Requirement =
Would you restate each line of the data below word for word, without its pictures?

Information shown =
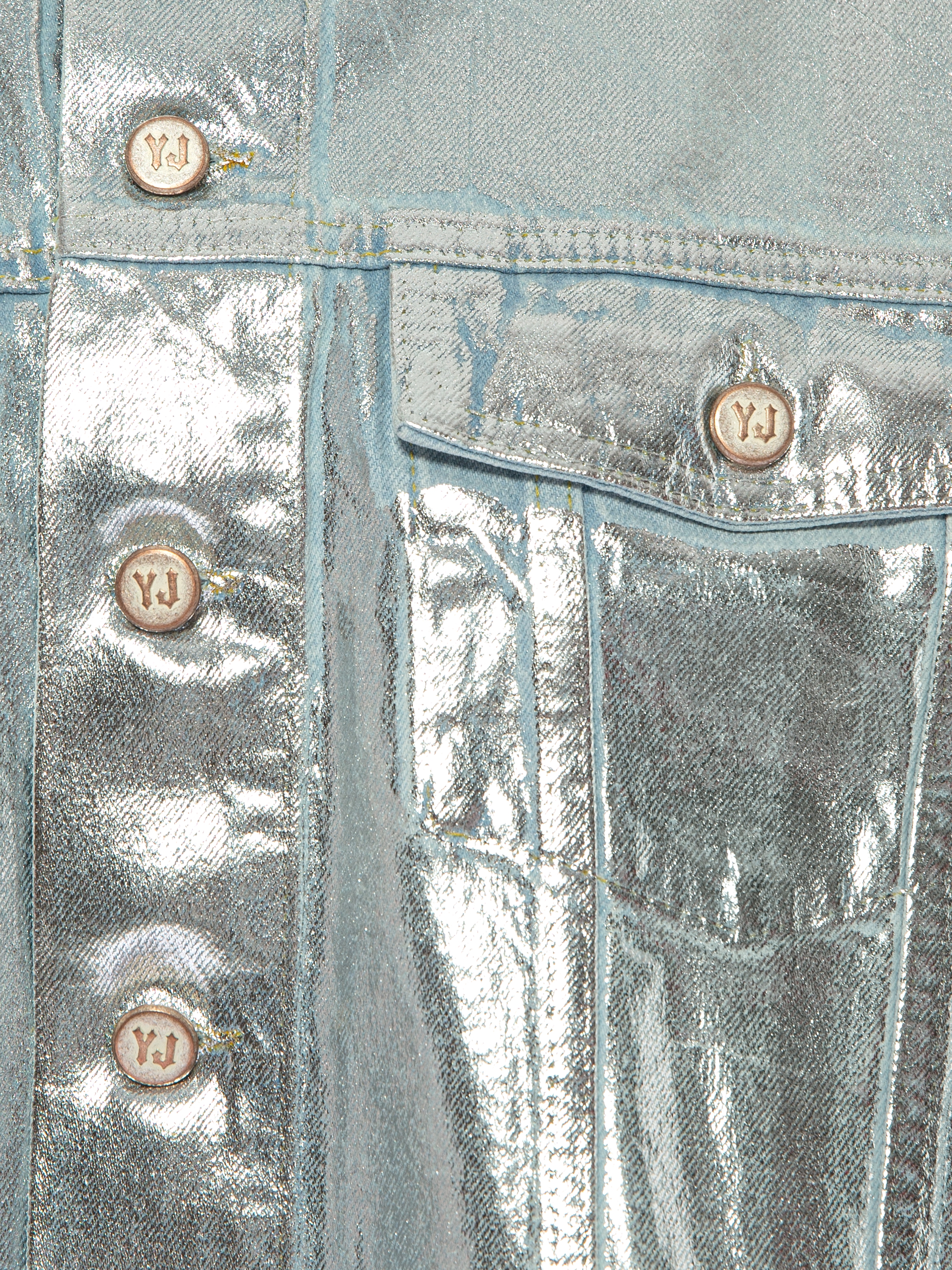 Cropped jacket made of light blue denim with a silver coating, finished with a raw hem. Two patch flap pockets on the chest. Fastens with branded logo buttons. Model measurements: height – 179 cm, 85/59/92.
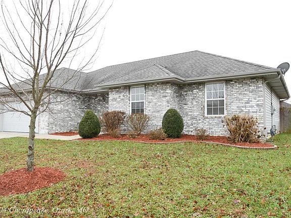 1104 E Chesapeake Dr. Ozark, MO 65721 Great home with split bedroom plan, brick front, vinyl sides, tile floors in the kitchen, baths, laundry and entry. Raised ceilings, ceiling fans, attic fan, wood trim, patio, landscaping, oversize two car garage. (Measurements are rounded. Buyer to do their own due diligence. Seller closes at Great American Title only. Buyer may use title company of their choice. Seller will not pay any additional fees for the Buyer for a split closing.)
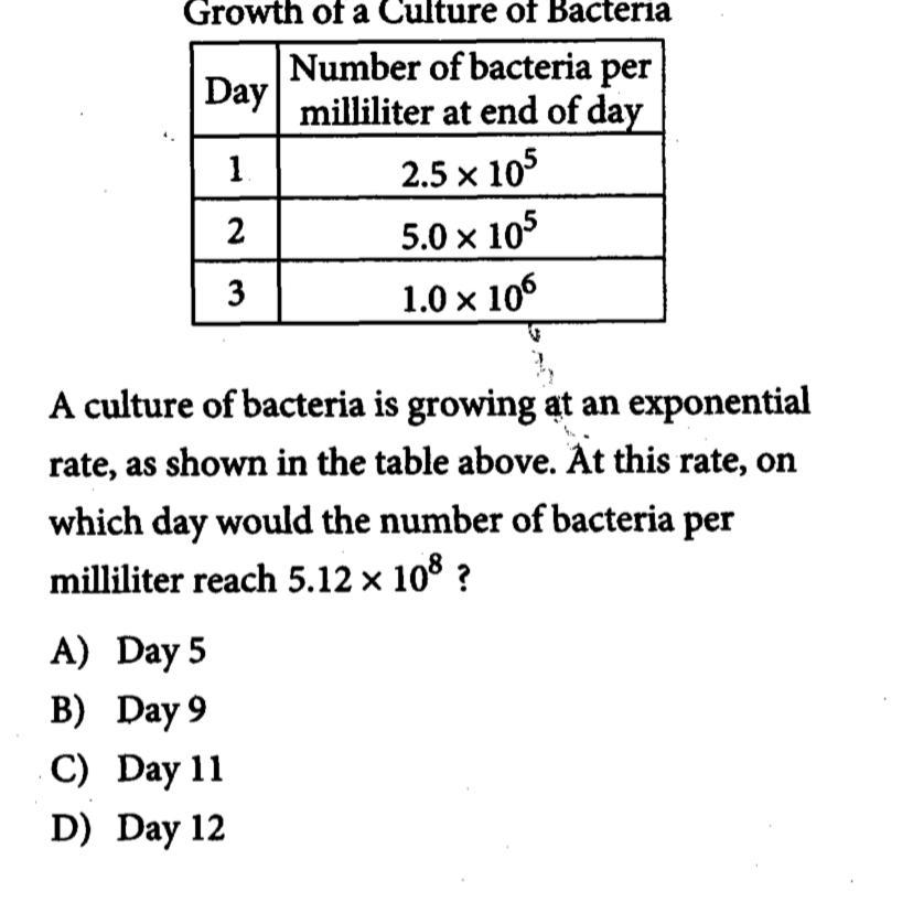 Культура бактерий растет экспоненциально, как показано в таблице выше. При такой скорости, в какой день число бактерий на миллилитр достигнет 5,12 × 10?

Solution for this problem =
 Cropped jacket made of light blue denim with a silver coating, finished with a raw hem. Two patch flap pockets on the chest. Fastens with branded logo buttons. Model measurements: height – 179 cm, 85/59/92.
 1104 E Chesapeake Dr. Ozark, MO 65721 Great home with split bedroom plan, brick front, vinyl sides, tile floors in the kitchen, baths, laundry and entry. Raised ceilings, ceiling fans, attic fan, wood trim, patio, landscaping, oversize two car garage. (Measurements are rounded. Buyer to do their own due diligence. Seller closes at Great American Title only. Buyer may use title company of their choice. Seller will not pay any additional fees for the Buyer for a split closing.)
 Культура бактерий растет экспоненциально, как показано в таблице выше. При такой скорости, в какой день число бактерий на миллилитр достигнет 5,12 × 10?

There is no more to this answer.